The exemption of national banks from suits in state courts in
counties other than the county or city in which the association was
located, granted by the Act of February 18, 1875, 18 Stat. 316, c.
80, was a personal privilege which could be waived by appearing to
such a suit brought in another county, but in a court of the same
dignity, and making defense without claiming the immunity granted
by Congress.
The provision in the Act of July 12, 1882, 22 Stat. 163, c. 290,
§ 4, respecting snits by or against national banks, refers
only to suits brought after the passage of that act.
A national bank was sued to recover interest alleged to have
been usuriously exacted. The complaint which was sworn to January
13, 1883, charged that the usurious transactions took place
"after the 12th day of February, 1877, and before the
commencement of this action, to-wit, on the 25th day of May, 1878,
and at other times and dates subsequent thereto."

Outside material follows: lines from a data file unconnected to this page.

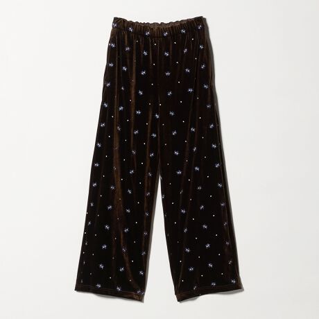 ベロアの光沢と刺繍が目をひくイージーパンツ。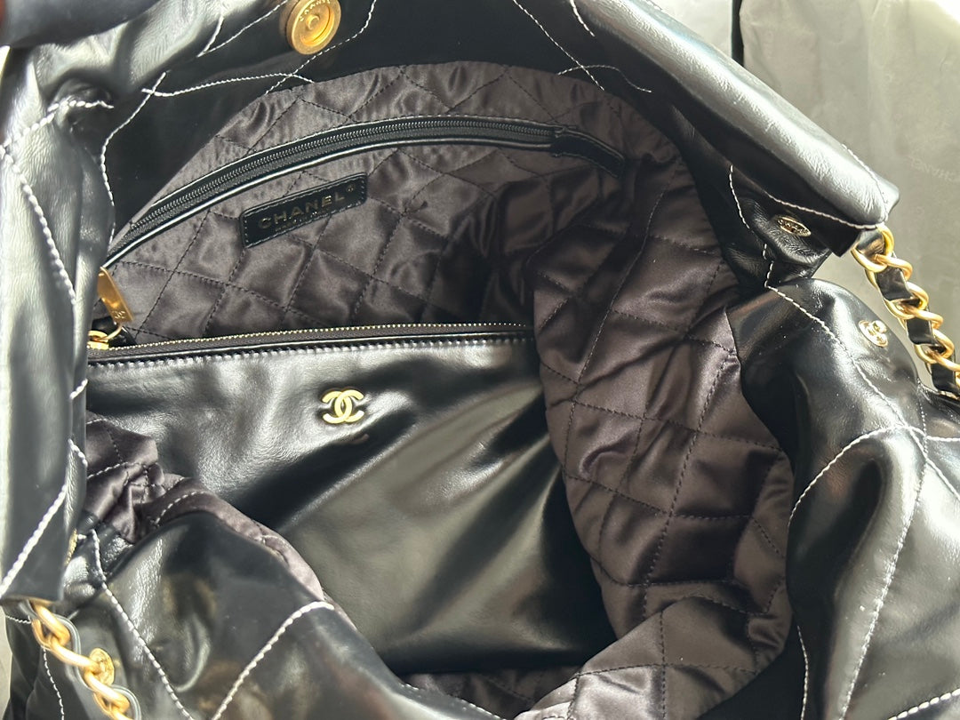 CC LARGE 42 HANDBAG IN BLACK SHINY CALFSKIN GOLD HARDWARE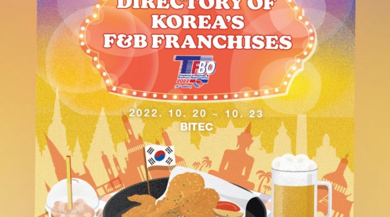 aT (Korea Agro-Fisheries & Food Trade Corporation) หรือ องค์กรการค้าการเกษตรกรรมและการประมงของประเทศเกาหลี เตรียมเข้าร่วมงานแสดงแฟรนไชส์นานาชาติและโอกาสทางธุรกิจ (TFBO2022-Thailand Franchise&Business Opportunities 2022) ครั้งที่ 18 ในส่วนของ Korean Pavilion – Korea’s F&B Franchises ซึ่งจะจัดขึ้นที่ ไบเทค บางนา ตั้งแต่วันที่ 20 – 23 ตุลาคม 2565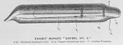 1882 suchte Göbel mittels einer Ausstellung in seinem Laden nach Geldgebern für die Produktion einer angeblich von ihm entwickelten Glühlampe.[13] In den späteren Patentprozessen wurde dieser Typ als Göbel-Lampe Nr. 5 geführt. Acht Lampen wurden nach dem Bericht der The New York Times ausgestellt, die ein weißes, flackerfreies Licht spendeten. Göbel soll gesagt haben, dass diese Lampen einen Glühfaden mit dem höchsten bislang erreichten Widerstand hätten, was einen günstigen Energieverbrauch ermögliche. Als Material gab er Schilfgras an. Nach dem Zeitungsbericht soll Göbel den Besitz aller Patente für die Produktion seiner vorgeführten Lampe behauptet haben. Er hatte zu diesem Zeitpunkt jedoch noch gar kein erteiltes Lampenpatent. Zudem verletzte die vorgestellte Lampe in einigen Punkten das Edison-Patent.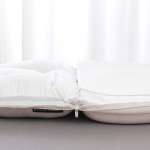 寝心地を向上させる詰め物は、量の調整はもちろん、詰め物の素材もそれぞれのポケットで異なり、左右には太い繊維の粒状パフを使用、横向きの寝姿勢をしっかり支え安定感を生み出します。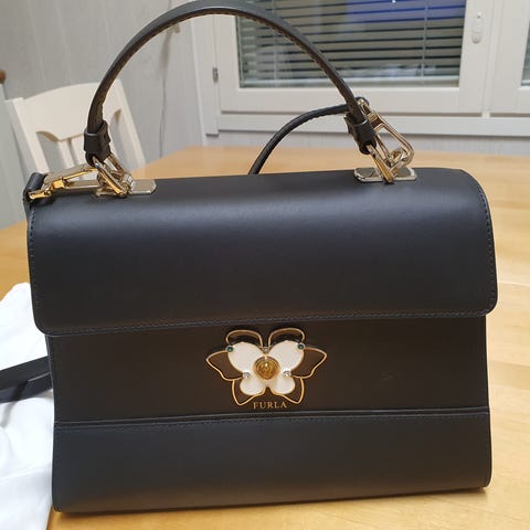 Kaunis aitonahkainen laadukas musta laukku, hennon vaaleanpunaisilla sisäyksityiskohdilla. Pidemmät kahvat, jotta saa istumaan olallekin hyvin, magneettikiinnittys, takapuolella sivutasku, sisällä sivutasku ja vetoketjullinen tasku. Vetoketjussa vielä suojatarra päällä. Edessä Furlan kullattu logo, laukun pohjassa tukinastat. Sivuilla napit, joilla laukun kokoa saa säädettyä. Ovh 455€, Furlan nettisivuilta loppuunmyyty. Dustbag tulee mukana.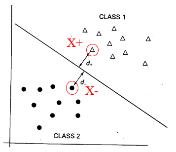 - $X^+$: $y_i$ = +1의 데이터 중에서 hyperplane과 가장 가까운 데이터 (support vector)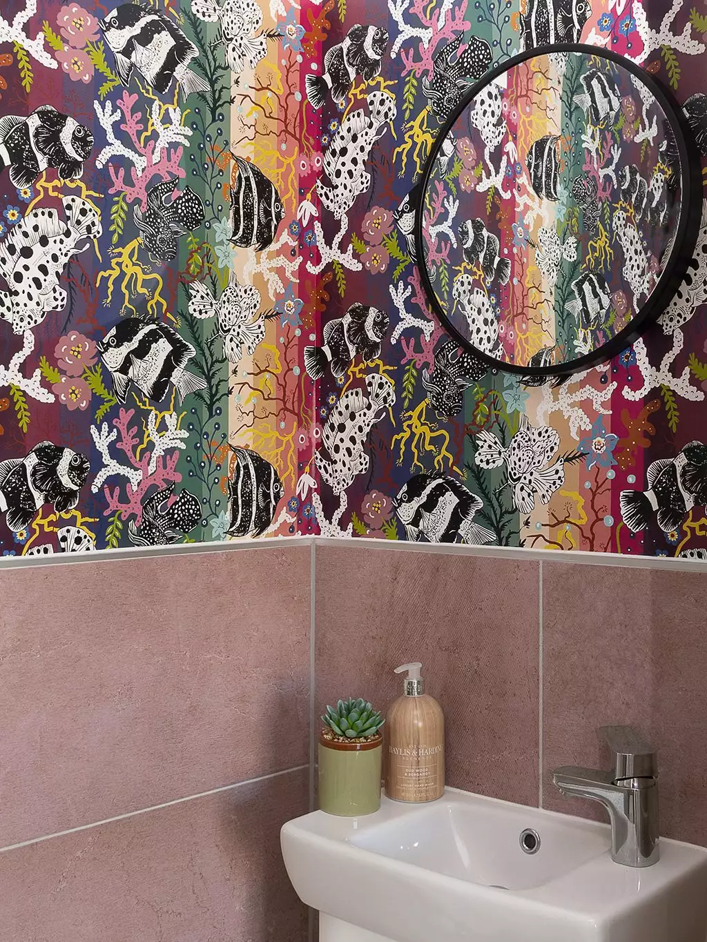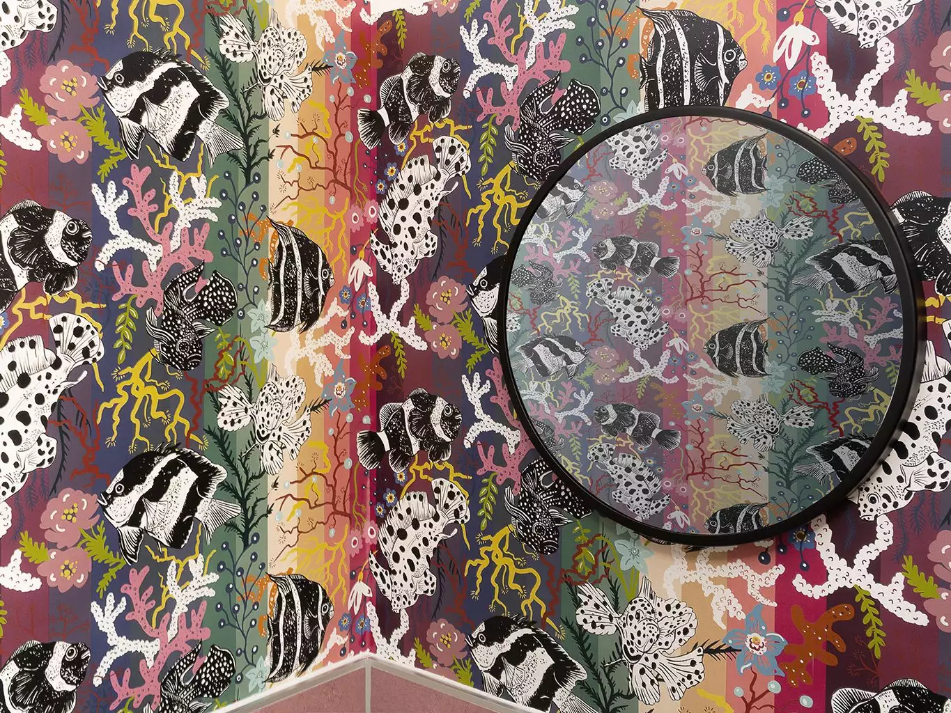 Neptun-Tapete in Aquamarine. Neptun hat seinen Namen vom römischen Gott des Meeres und ist ein fröhlicher „Unterwasser“-Druck, der eines der Weltwunder zeigt, das große Barriereriff. Neptun zeigt bunte Korallen, Algen und wunderschöne schwarz-weiße Fische. Dieses Wunder wurde mit Regenbogenfarben kombiniert, um das ultimative Statement-Papier zu kreieren. Dies ist der perfekte Badezimmerdruck! Kombinieren Sie es mit schwarzen Fliesen und goldenen Oberflächen.

The defendant answered generally and set up the statute of
limitations. The jury found that usurious interest had been taken
during the two years next before the commencement of the action,
and rendered a verdict for plaintiff, on which judgment was
entered. The defendant moved in arrest of judgment, and also for a
new trial, on the ground of a variance between the pleadings and
proof.
Held that although the complaint might have been
more specific, enough was alleged to sustain the judgment.
The case is stated in the opinion.
MR. JUSTICE HARLAN delivered the opinion of the Court.
This action was brought in the Superior Court of Cleveland
County, North Carolina, by the defendant in error against the
plaintiff in error, a national banking association, established at
Charlotte, Mecklenburg County, in that state. It was based upon the
provision of the Revised Statutes of the United States authorizing
any person, paying to any such association
Page 132 U. S. 142
a greater rate of interest than the law allows it knowingly to
take, receive, reserve, or charge, to recover from it, in an action
in the nature of an action of debt, twice the amount of the
interest so paid. Rev.Stat. §§ 5197, 5198.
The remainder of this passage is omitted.